Presented by Dr. Eilean Watson, School of Public Health and Community Medicine
How could we support transdisciplinary approaches to sustainability learning, teaching and research?
In the book “Tackling wicked problems through the transdisciplinary imagination” Dovers (2010) alerts us to the need to make explicit the disciplines, knowledge systems and institutional systems involved in tackling wicked sustainability problems. He notes the need to enhance our collective learning by connecting the many disparate inquiries and experiments in the sustainability field. This potential project proposes to address these issues by developing an innovative online database-driven information system that can support transdisciplinary learning, teaching and research. The proposed system would be a resource for students, teachers, researchers, industry groups and community groups interested in tackling complex sustainability problems from an environmental, social and economic perspective. The system would include integrated tools for knowledge mapping, learning, information sharing and decision making. Conceptually, the knowledge mapping tool would be somewhat similar to the curriculum mapping tool used in the Medicine Program (see http://web.med.unsw.edu.au/emed/Map.htm) although the content and supporting technology would be different. By developing an information system that can capture both ideas and actions, promote collective learning and critical inquiry, and support transdisciplinary teams and networks, we may be better able to tackle some of society’s wicked sustainability problems.
The purpose of this seminar is to gauge the potential usefulness of such an information system and if it is worth moving the idea forward. This seminar comprises a presentation and a brainstorming session to further explore the system’s potential.

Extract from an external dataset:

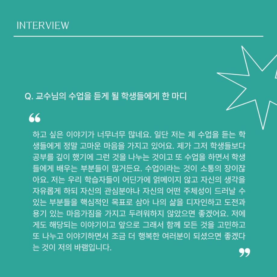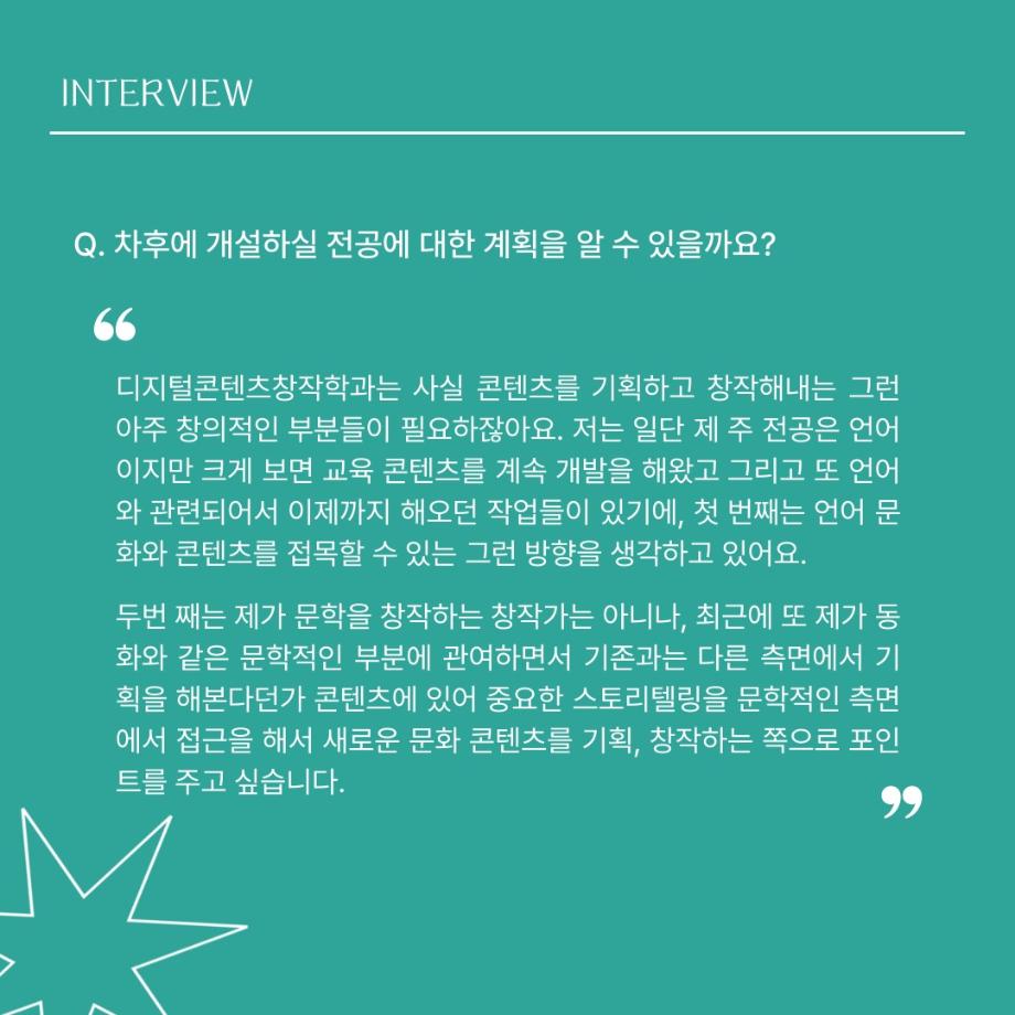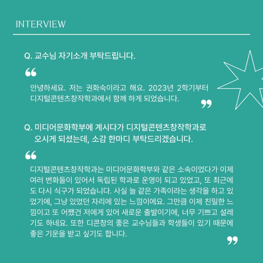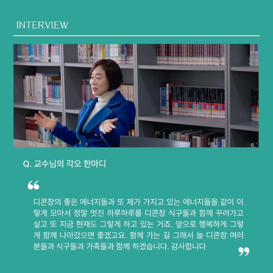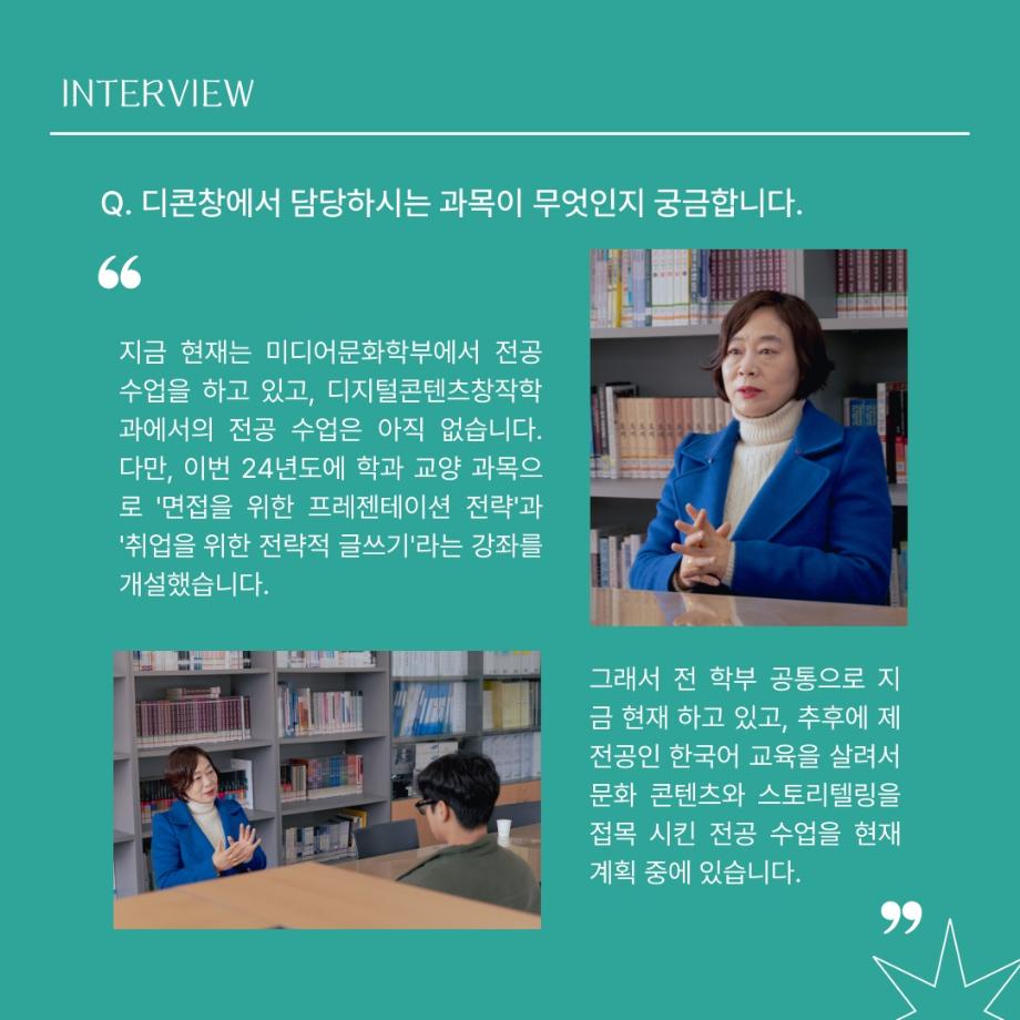 본문 시작 홈으로 MCC News 학과소개 교수소개 학과과정 MCC News MCC SNS 홈페이지가이드 교수 및 졸업생 학과 및 재학생 교수 및 졸업생 미디어 정보통 교수 및 졸업생 페이스북 트위터 프린트 디지털콘텐츠창작학과 권화숙 교수님 인터뷰 📸 디지털콘텐츠창작학과 2605 2024-04-17 작년 2023년 2학기부터 디지털콘텐츠창작학과로 오시게 된 권화숙 교수님을 모시고 인터뷰를 진행하였습니다! 권교수님의 각오와 향후 계획에 대한 이야기를 함께 들어봐요 😚 목록 이전세명대 김기태 교수와 디자인인포 박재원 대표, 9년째 장학금 기탁 다음 디지털콘텐츠창작학과 김기태 교수님 인터뷰 📸 담당부서 : 미디어콘텐츠창작학과 담당자 : - 연락처 : 043-649-1741 최종수정일 : 2024-10-26 만족도조사 만족도 조사 이 페이지에서 제공하는 정보에 대하여 만족하시나요? 매우만족 만족 보통 불만족 매우불만족
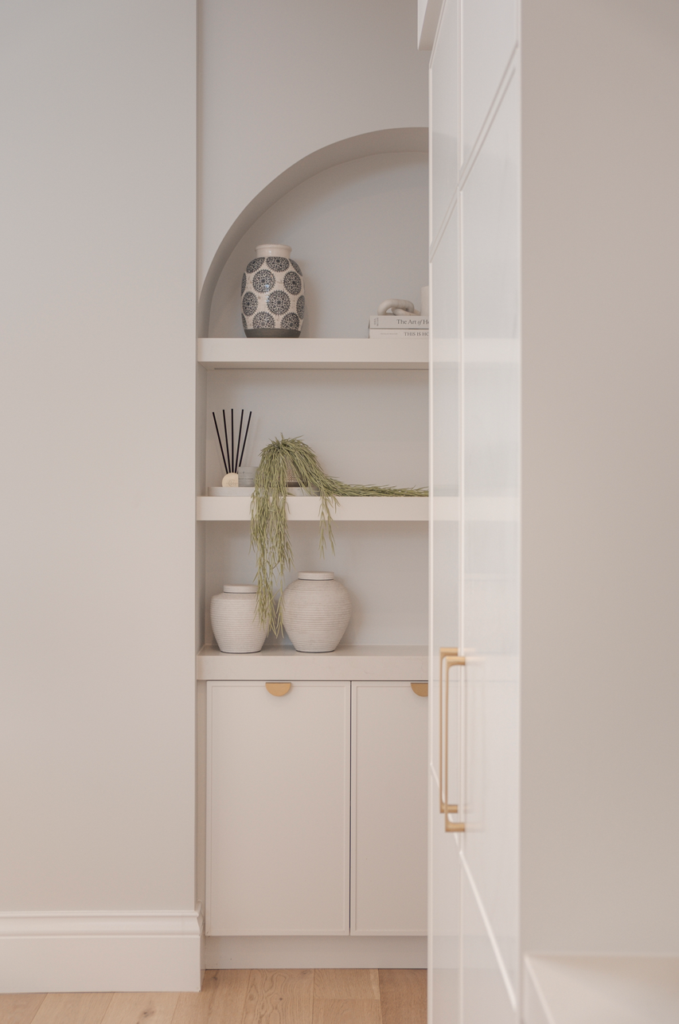 Another distinctive element is the arched recessed shelving niche, which introduces an architectural moment within the cabinetry. Beyond its functional role as a display space, the curved detail softens the overall geometry of the joinery and adds warmth and personality to the kitchen environment.

Dovers, S. (2010). Embedded scales: interdisciplinary and institutional issues. In V. A. Brown, J. A. Harris and J. Y. Russell (Ed.), Tackling wicked problems through the transdisciplinary imagination (pp.182-192). London, UK: Earthscan.
Eilean is a Conjoint Senior Lecturer in the School of Public Health and Community Medicine at UNSW. She is a medical educator with a research interest in information systems design and educational technology use. She has been involved in the design and development of the Faculty’s eMed curriculum management system since its inception, in particular the eMed Map and eMed Assessment Item Bank tools. In her doctoral thesis she evaluated the use of eMed Map by staff, and used systems theory and systems thinking paradigms to synthesise and discuss the research findings.